When i click on paint on my desktop or my program menu it wont work . when i right clicked on paints icon i clicked properties and it said where the exe. file was so i manually browsed that folder and clicked on it AND it still didn't do anything it just came up with the egg timer next to the cursor and it didn't do anything. can sum1 plz help?


----------



## Thaddeus (Dec 21, 2006)

Have you tried an uninstall and reinstall? (Start > Control Panel > Add Remove Programs > Add/Remove Windows components and find and uncheck paint. Ok/Next, next, etc.) Then go back and go through the same way and check paint. Does this help?


----------



## chazshep (Feb 1, 2007)

its not there ?!


----------



## Thaddeus (Dec 21, 2006)

Did you look under Accessories and Utilites > Accessories > Paint? (In Add/Remove Windows components)


----------



## Thaddeus (Dec 21, 2006)

Just to let you know if you want a good free photo editor that can do anything paint can do download paint.net. Its a heft download at 50mb but worth the wait.

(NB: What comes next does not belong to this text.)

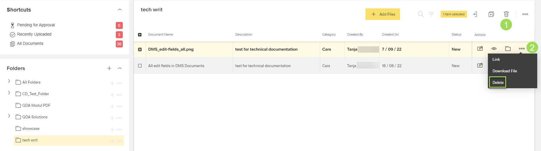 Delete a document in DMS (step by step)
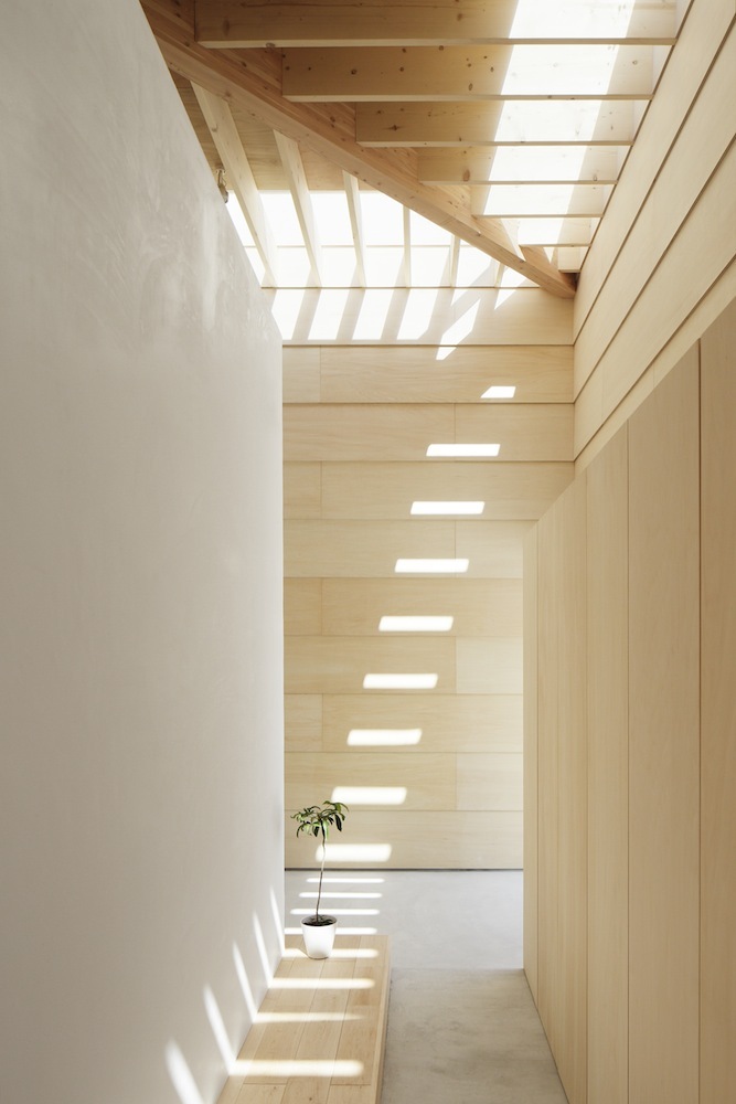 Kuća u Tokojavi koju je projektovao arhitektonski biro mA-style Architects zanimljiva je iz više aspekata. Pre svega enterijerijerski je veoma svedena ali uprskos tome ona deluje toplo i udobno. To je postignuto odabirom materijala, sa akcentom na hrastu, i igrom svetlosti. Ali odakle dolazi svetlo? I zaista, na fasadi nema prozora! Pošto je kuća u Japanu a u Japanu je sve moguće, napravljena je kuća bez prozora. To ne znači da svetla nema ali ono umesto sa strane dolazi od gore.

http://fileforum.betanews.com/download/PaintNET_with_NET_Framework_20/1096481993/2

You can also see some more here: http://www.snapfiles.com/Freeware/gmm/fwgraphicedit.html


----------



## chazshep (Feb 1, 2007)

cheers but i also have Microsoft photo editor and picture manager so i don't need another i just wanted paint back so i can quickly edit them so i don't have to wait for the others to load


----------



## chazshep (Feb 1, 2007)

it wont cum back


----------



## wilson44512 (Mar 25, 2006)

you might get more answers if you start one more post.


----------



## telecom69 (Oct 12, 2001)

It must be there somewhere
have you tried doing a programme search?
click on start
click on search
click on all files and folders
type in Microsoft paint
All or part of the file name
press search.
the programme should appear then just run it from the
file when it appears.

Or you can always do a System Restore going back to when you know paint was there and working .....


----------



## chazshep (Feb 1, 2007)

i have got it back now cheers guys


----------